OSD config: https://paste.ubuntu.com/p/MtvTr5HYW4/ 
<https://paste.ubuntu.com/p/MtvTr5HYW4/>
OSD debug log: https://paste.ubuntu.com/p/7Sx64xGzkR/ 
<https://paste.ubuntu.com/p/7Sx64xGzkR/>


> On 3 Oct 2018, at 14:27, Darius Kasparavičius <daz...@gmail.com> wrote:
> 
> Hello,
> 
> 
> You can also reduce the osd map updates by adding this to your ceph
> config file. "osd crush update on start = false". This should remove
> and update that is generated when osd starts.
> 
> 2018-10-03 14:03:21.534 7fe15eddb700  0 mon.SRV-SBKUARK14@0(leader)
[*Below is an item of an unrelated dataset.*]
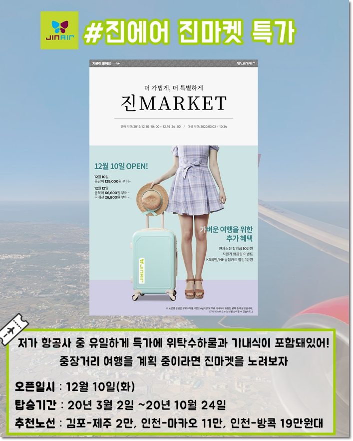 진에어 진마켓은 국내 저가항공사에서 큰 이벤트를 진행하는데 그중 가장인기 있는 곳입니다. 다른 항공사는 위탁수하물이 불포함인데 진에어는 기내수하물 12kg으로 타 항공사에 비해 기준이 넉넉한테 위탁수하물까지 포함되고, 심지어 기내식도 줍니다. 타항공사는 위탁수하물 불포함이라 편도기준 5~8만원, 왕복 10~16만원이 더 비싸지기 때문에 위탁수하물 포함이라는 어마무시한 혜택이 있습니다.

> e14 handle_command mon_command({"prefix": "osd crush
> set-device-class", "class": "hdd", "ids": ["47"]} v 0) v1
> 2018-10-03 14:03:21.534 7fe15eddb700  0 log_channel(audit) log [INF] :
> from='osd.47 10.10.112.17:6803/64652' entity='osd.47' cmd=[{"prefix":
> "osd crush set-device-class", "class": "hdd", "ids": ["47"]}]:
> dispatch
> 2018-10-03 14:03:21.538 7fe15eddb700  0 mon.SRV-SBKUARK14@0(leader)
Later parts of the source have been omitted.